Richard Matthew Michael Henderson, OBE (30 October 1922 – 22 September 1985) was an English entertainer.

==Early years==
Henderson was born in London. His father, Dick Henderson (1891–1958), was a music hall comedian and singer famous for his short, rotund appearance, bowler hat and beautiful singing voice; he was well known for making the original British recording of the popular song "Tiptoe Through the Tulips". His two sisters Winifred and Teresa ('Triss') known as "the Henderson Twins", were also performers in the style of the Andrews Sisters.

Henderson was privately educated in both Hollywood, when his father was touring in vaudeville, and Britain, at St Joseph's College, Beulah Hill, London.

==Career==
In America, Henderson broke into show business, aged 10, when he was offered a role as the son of Clive Brook and Diana Wynyard in the Frank Lloyd film version of Noël Coward's play, Cavalcade (1933).

He was also in the running for the part of David Copperfield in George Cukor's film of the same name, but his father insisted that he decline the part and return to Britain, because he felt Hollywood was not the place for a young boy.
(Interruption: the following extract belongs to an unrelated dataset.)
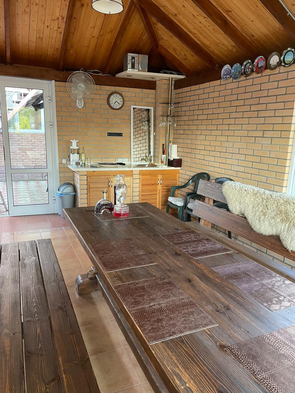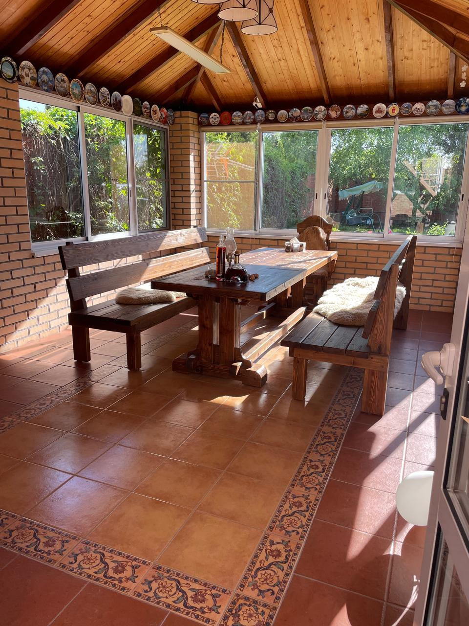 Беседка с кухней: отдельно стоящее отапливаемое здание со своей кухней и эко зоной отдыха, на полу выложена плитка, проведена вода, предусмотрено место для телевизора. Вы можете попеть караоке и поесть вкусный шашлык только что принесенный из мангальной зоны, вашей дружной компанией.

Henderson Jr. toured in music halls and appeared in several films with his famous father.

Dickie Henderson served in the Army during the Second World War, before appearing in revues, pantomimes and occasional films after demobilisation. He began a successful television career in 1953, with Face the Music, followed by appearing in Before Your Very Eyes with Arthur Askey. He compered Sunday Night at the London Palladium.

He starred in his own ITV television programme: The Dickie Henderson Half Hour in 1958, the success of which led to a touring stage show with Anthea Askey who played his wife, and their eventual immortalisation in a comic strip. He then starred in 84 episodes of The Dickie Henderson Show. In this sitcom, June Laverick played his wife and John Parsons played their son. Lionel Murton starred as Dickie's friend Jack, and Danny Grover played Richard Jr. There were five shows in 1960, twenty-three in 1961, twelve in 1962, twenty-two in 1963, ten in 1964 and eleven in 1965. There was another single show in 1971.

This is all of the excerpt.